Wednesday, May 22, 2024

AI Alignment and Security Now!

As far as I know, people charged with 'Alignment' at AI companies are not convinced things are safe enough and some have quit because of it.**  A recent post about an AI company's safety and alignment moved me to drill down a bit to see how things are going. It's worrisome. Things are not going well. It seems as if companies are saying "Trust us, we are working hard to detect any oil spill, and clean it up when it happens", rather than "we are working hard to ensure an oil spill *cannot happen*"

The Imperative of Robust AI Security and Alignment


In a recent comment to an AI executive, I raised concerns about the apparent lack of sophisticated security measures within AI companies. This is particularly troubling given the potential risks associated with advanced AI systems. Here, I would like to expand on these concerns and suggest mechanisms to ensure AI safety and alignment.

The Uncertainty of Controlling Out-of-Control AI Systems

One of the gravest challenges we face is the uncertainty surrounding our ability to stop an out-of-control AI system. As AI technology advances, the risk of developing systems that surpass human intelligence becomes more palpable. While many companies focus on detecting and mitigating the emergence of superhuman AGI, the truth is we may already be dealing with AI systems that exhibit superhuman capabilities in specific domains.

Mechanisms to Induce Responsibility in AI Firms

To address this challenge, we must consider mechanisms that compel AI firms to prioritize safety and alignment. One of the most viable approaches is to hold these firms liable for any damage their AI systems cause. Specifically, they should be held accountable for damage resulting from grossly negligent or sloppy control practices. This legal liability would incentivize firms to adopt rigorous safety and alignment measures, preventing potential catastrophes.

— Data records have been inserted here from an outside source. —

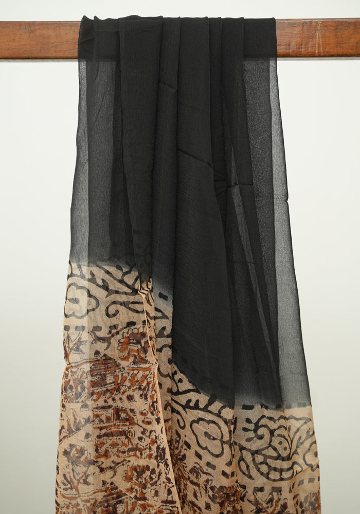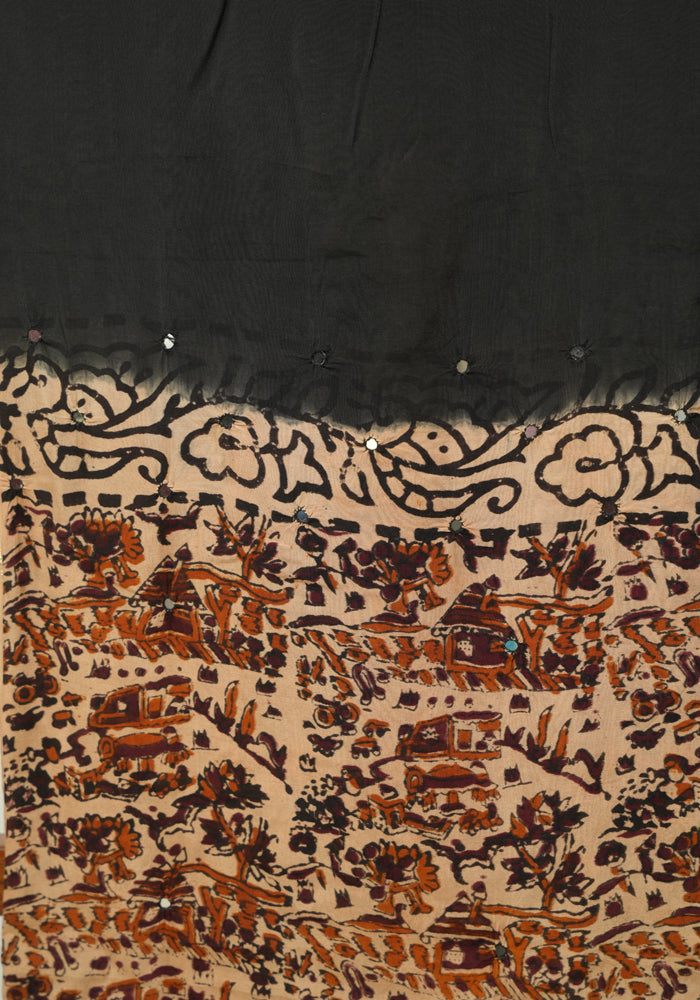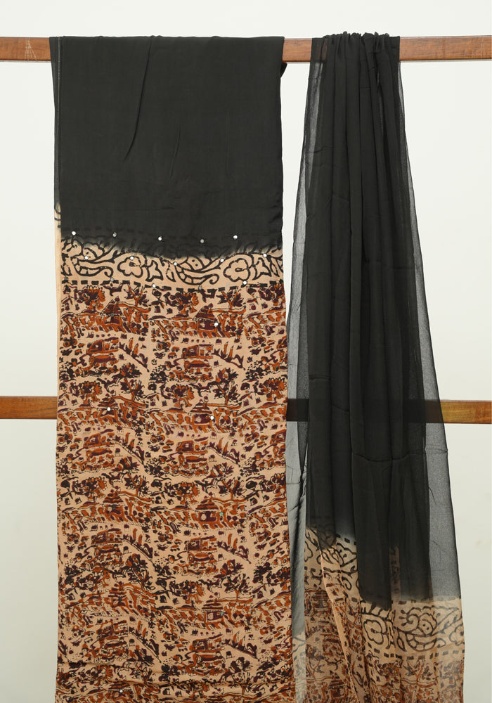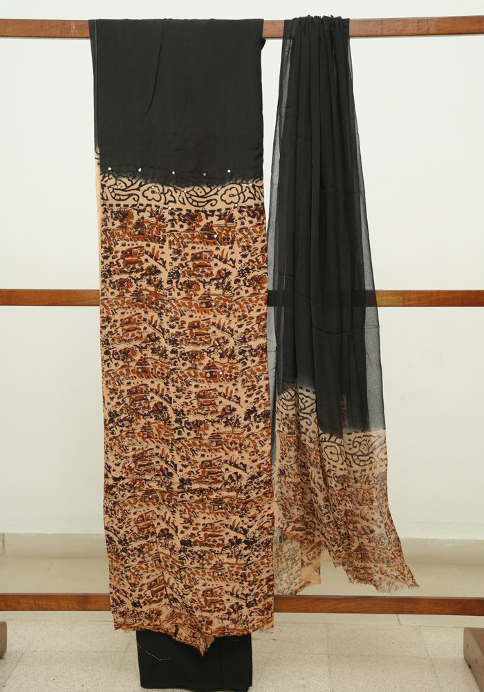 Light Brown and Black Unstitched Kalamkari Block Printed Muslin Salwar Set with Mirror Work
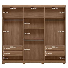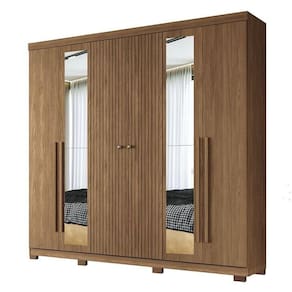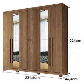 Guarda Roupa Casal Ripado 6 portas Buriti Jatobá com espelho e pés Acetinado - Santos Andirá
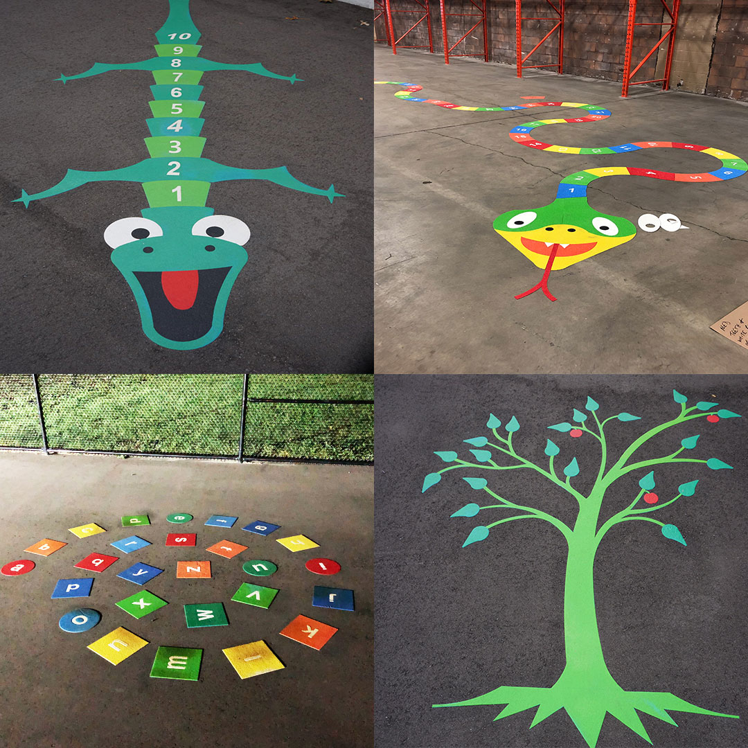 Our PlayScape line of preformed thermoplastic designs encourage learning and playtime. Choose from a variety of colorful and friendly designs which teach the A B C’s, counting, or literacy through sight words. Encourage problem solving with one of our mazes or trike trails. The possibilities are endless.
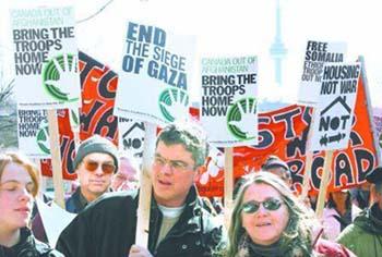 加拿大今天也出現(xiàn)示威活動。當?shù)仉娨暸_報道,多倫多大約有1000人抗議議會上周作出的延長在阿富汗駐軍的決定。
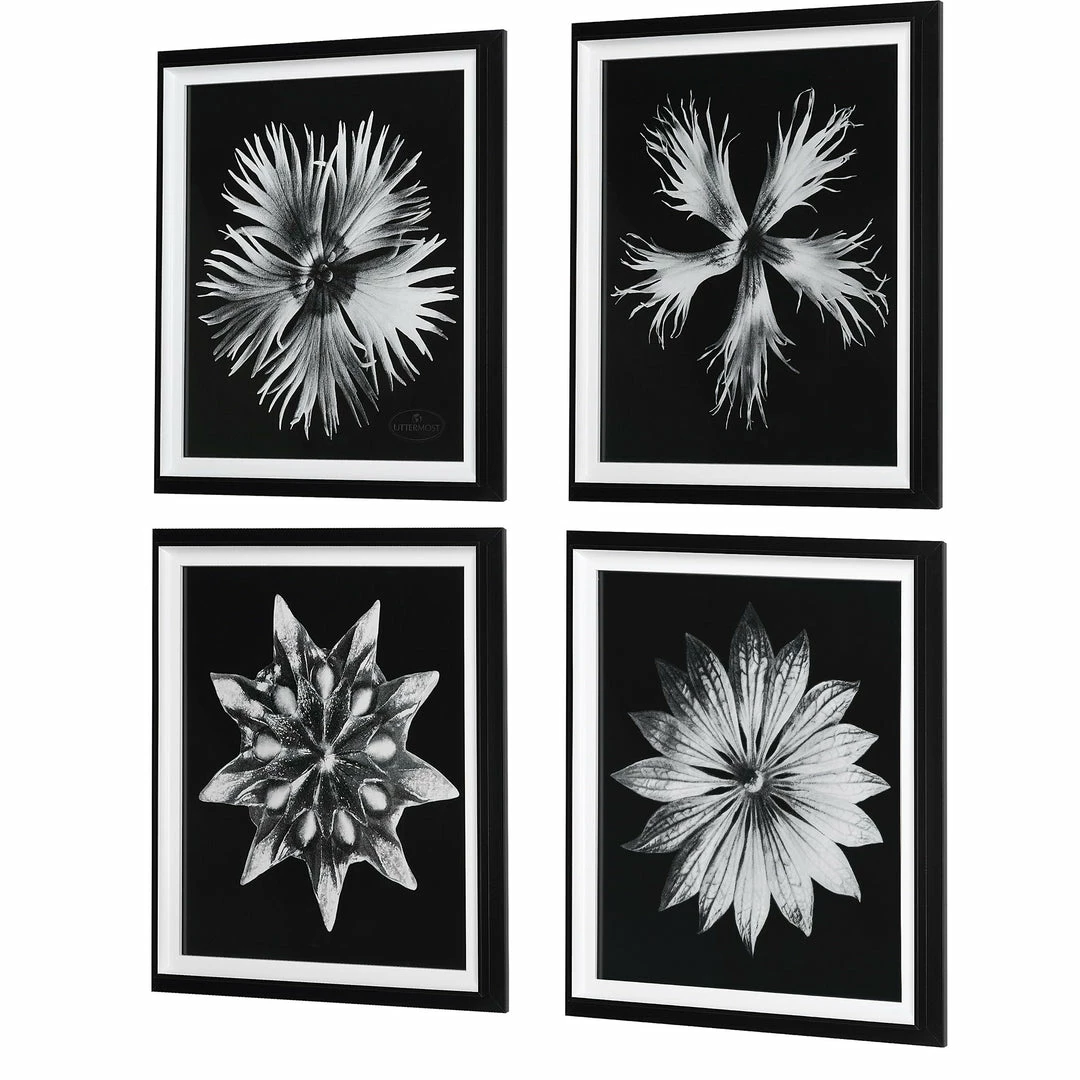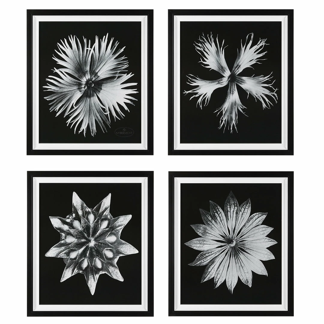 This Set Of Four Framed Prints Creates A Fresh Take On Traditional Floral Artwork. Each Black And White Image Is Accented By A Black Stepped Frame With A White Inner Liner Under Glass.
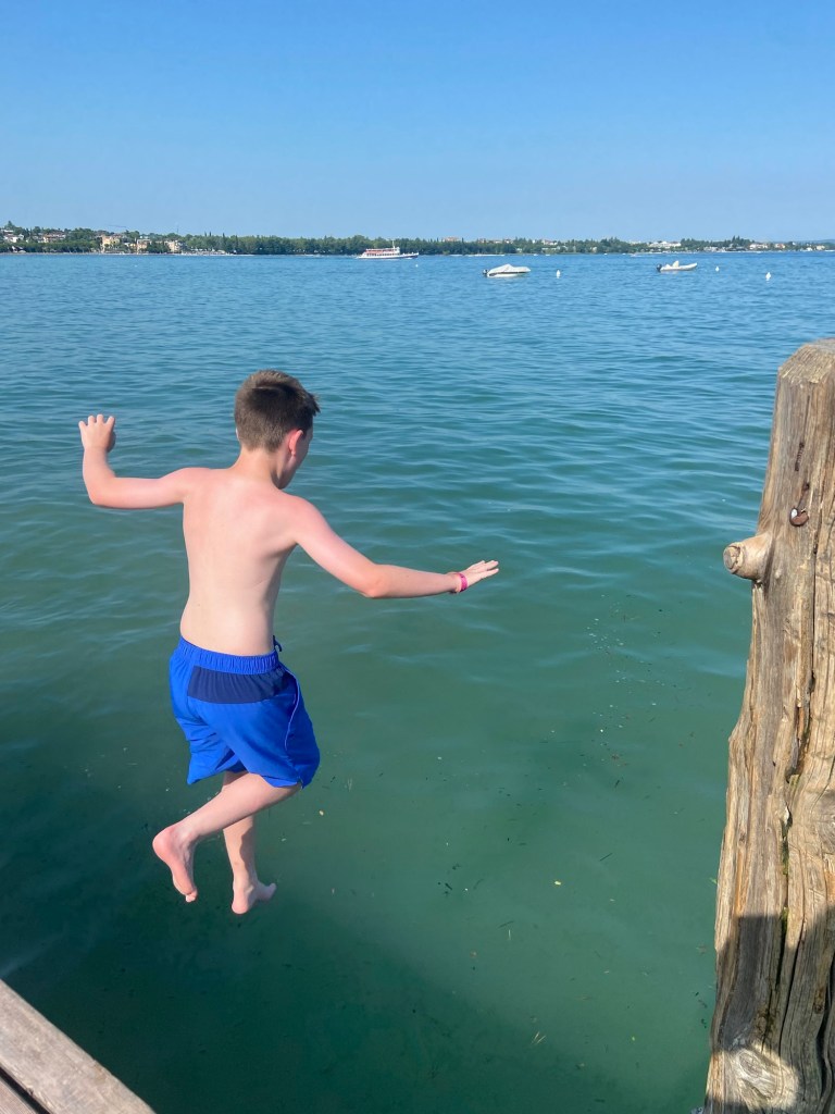 We love Lake Garda as we’ve found that the weather is always hot, swimming in the fresh water of the lake is a welcome change from salty seawater, the locals are really friendly and we all love Italian food. On top of that, the local Bardolino red wine and Prosecco is very cheap.
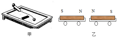 甲图中,小铁球从斜面上滚下沿直线运动,当经过磁铁附近时方向发生了改变,此现象说明力可以改变物体的运动状态改变物体的运动状态;乙图中,放有磁铁的两个小车用细线相连,剪断细线后,小车向相反的方向运动,此现象说明物体间力的作用是相互相互的。
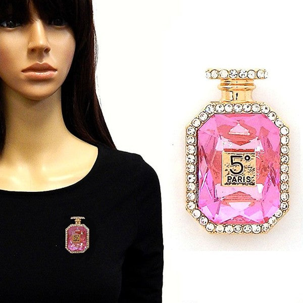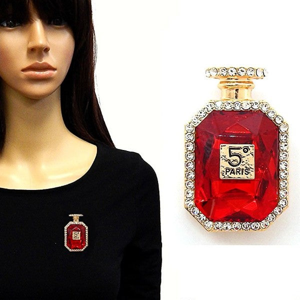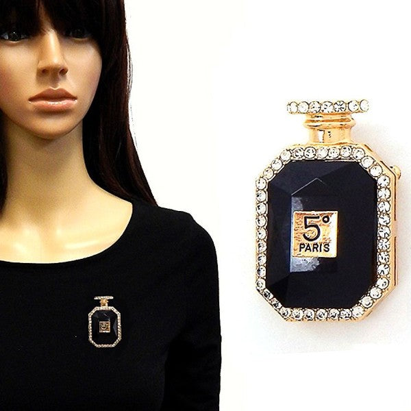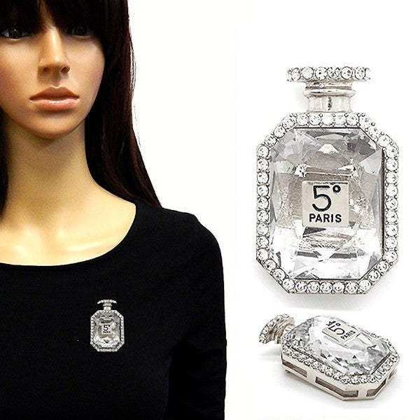-Sparkling crystal number 5 Paris perfume brooch pin, perfect for adding a touch of glamour to any outfit.
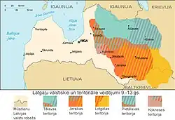 The Latgalians were an Eastern Baltic tribe whose origin is little known. In the 5th and 6th centuries, they lived in the eastern part of present-day Vidzeme (west of the Aiviekste River), and later on in nearly all the territory of that region.[1] In written sources, they are mentioned from the 11th century onward. In the first two decades of the 13th century, the (Western) Latgalians allied with German (mainly Saxon) crusaders. Their lands (the Eldership of Tālava, the Principality of Jersika and the Principality of Koknese) were incorporated into Livonia as vassal states.
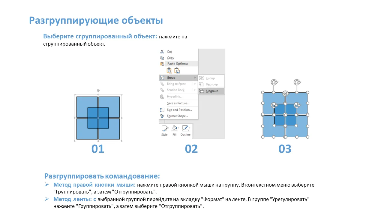 - Инструкции по группировке и разгруппировке для расширенного редактирования
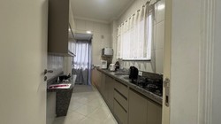 Cozinha, área de serviço, sala de estar, sala de jantar.
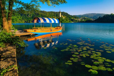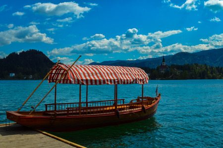 Traditional touristic wooden Pletna boat anchored at the pier on the lake. Pletna rowing boat on the alpine Bled lake and Pilgrimage church in background, Bled, Slovenia, Europe
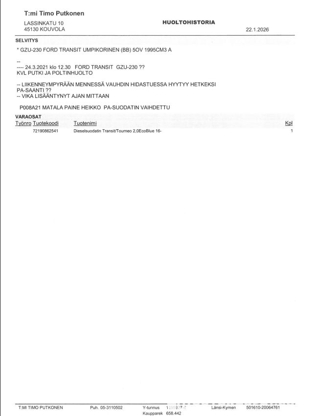 Huollot: Autoa huollettu säännöllisesti ja viat korjattu aina kun jotain tullut ilmi.
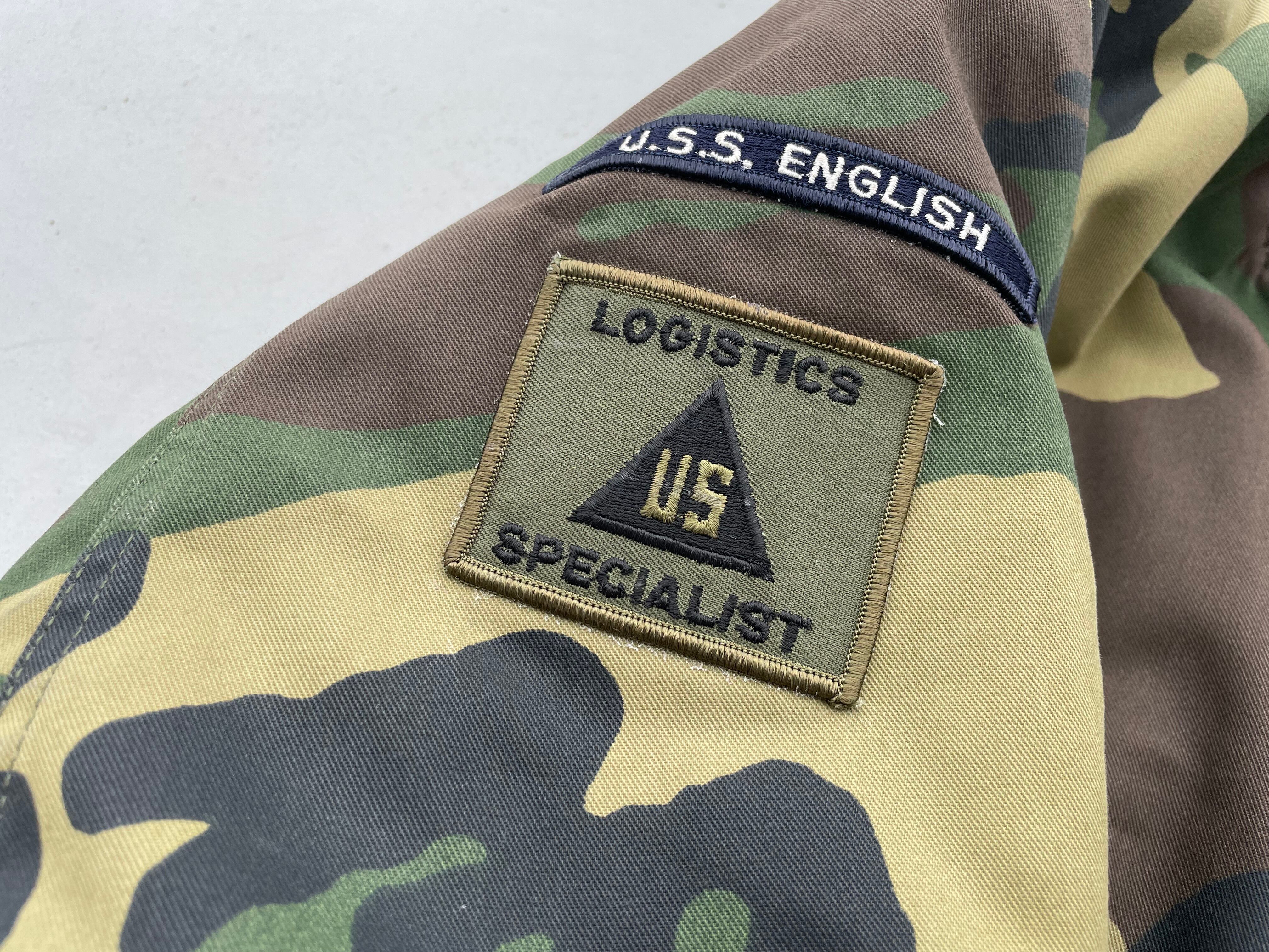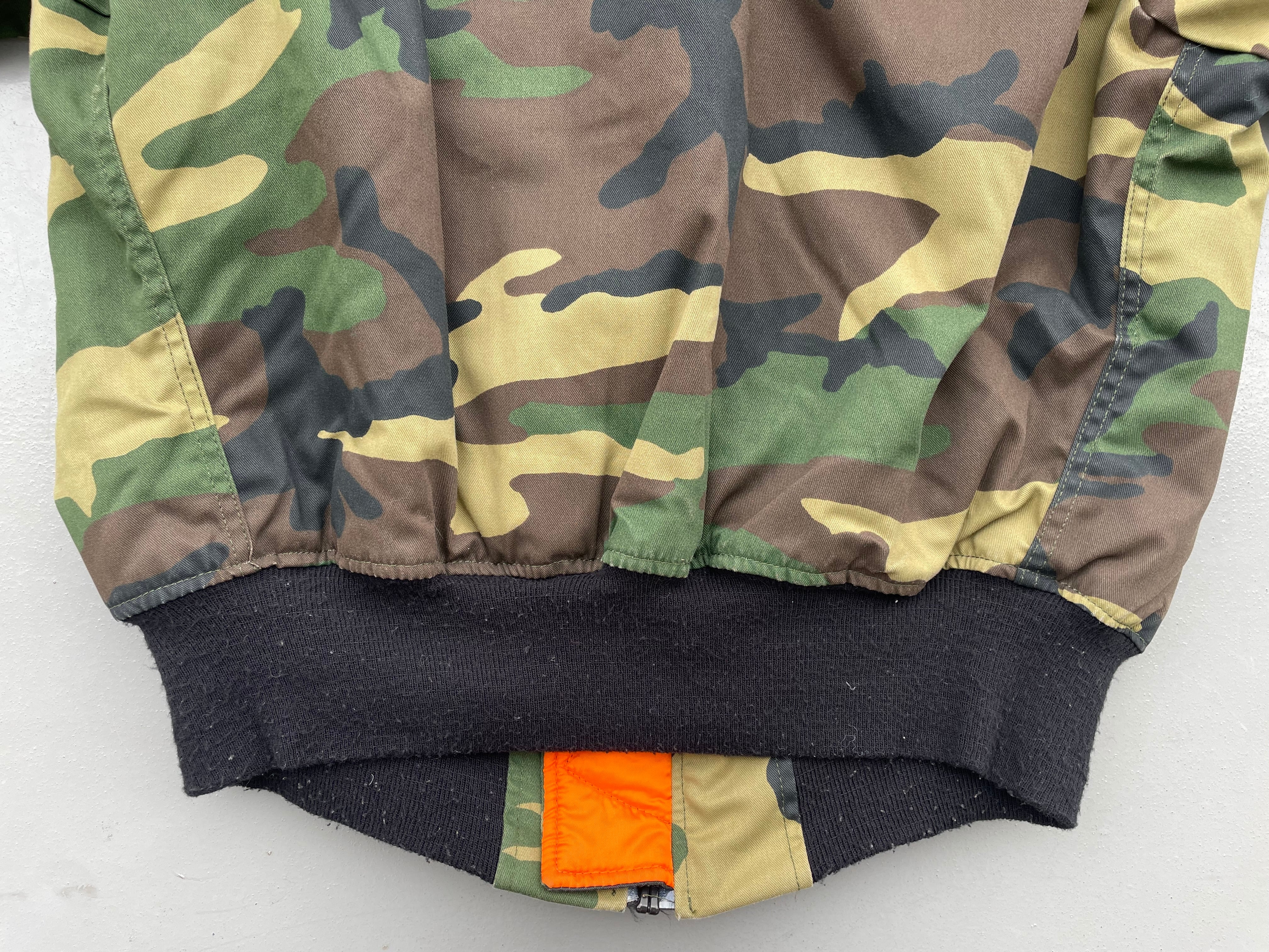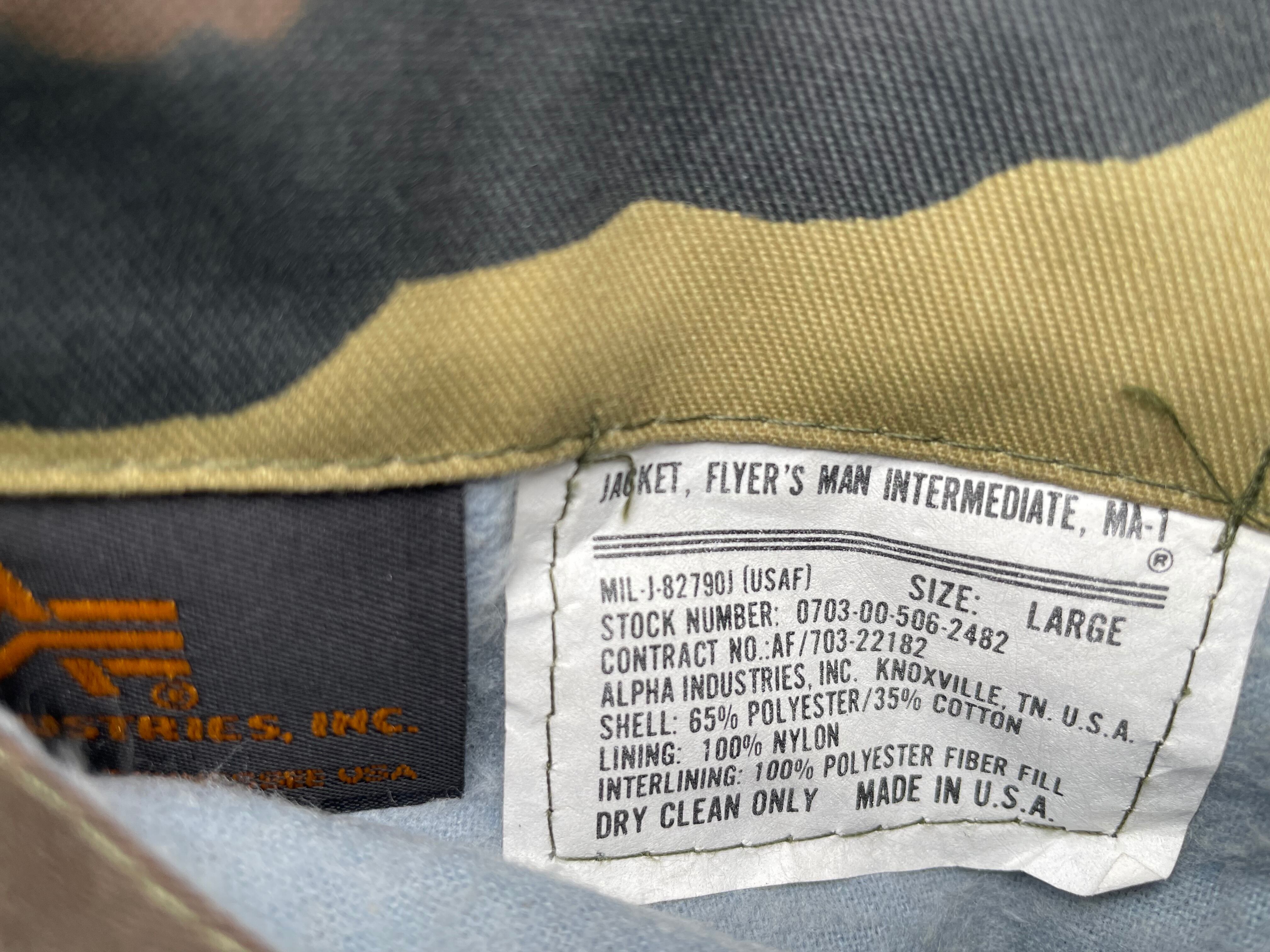 【商品詳細】アルファのMA-1。サイズはL。ウッドランドカモフラージュデザイン。00年USA製。ここ最近人気の上がってるウッドランドカモフラパターンのアルファMA-1。こちらはポリエステル×コットン混紡の個体。ワッペンも雰囲気に合ってます。嬉しい大きめサイズ。

Key Security and Alignment Measures

  1. Deadman Switches: These are automatic fail-safes designed to disable an AI system in the event of a breakdown in oversight and control. A deadman switch ensures that if human operators lose the ability to manage the AI, the system will automatically shut down or enter a safe mode, preventing unintended actions.

  2. Separated PKI: Public Key Infrastructure (PKI) is essential for securing communications and verifying identities within an AI system. A more sophisticated PKI setup involves an 'm of n' key scheme, where multiple keys are required to perform critical operations. This system should include a separate root key and certificate authority, a fiduciary responsible for verifying data, and a separate verification certificate issuer. This separation of duties enhances security by preventing any single point of failure.

  3. Siloing: AI systems should be designed with siloing in mind, where different components of the system operate independently and do not share sensitive information unless absolutely necessary. This reduces the risk of a single vulnerability compromising the entire system. Each silo can be monitored and controlled independently, ensuring that any malfunction or security breach can be contained.

  4. Human Rights Rationale: AI systems must be programmed with a clear rationale for prioritizing human rights, especially when conflicts arise between AI actions and human wishes. For example, if an AI system's operation conflicts with human autonomy or privacy, the system should default to preserving human rights. This principle ensures that AI development aligns with ethical standards and societal values.

A Balanced Approach to AI Development

The rapid pace of AI development demands a balanced approach, where innovation is not stifled but is conducted within a framework of rigorous safety and alignment protocols. Independent, well-funded AI alignment teams should be established, with the authority to enforce security measures and escalate issues as necessary. This approach will help prevent potential disasters before they occur, rather than attempting to mitigate damage after the fact.

In conclusion, the potential benefits of AI are immense, but so are the risks. By implementing robust security measures and holding AI firms accountable for their systems' impacts, we can ensure that AI development proceeds safely and ethically. The stakes are too high for anything less.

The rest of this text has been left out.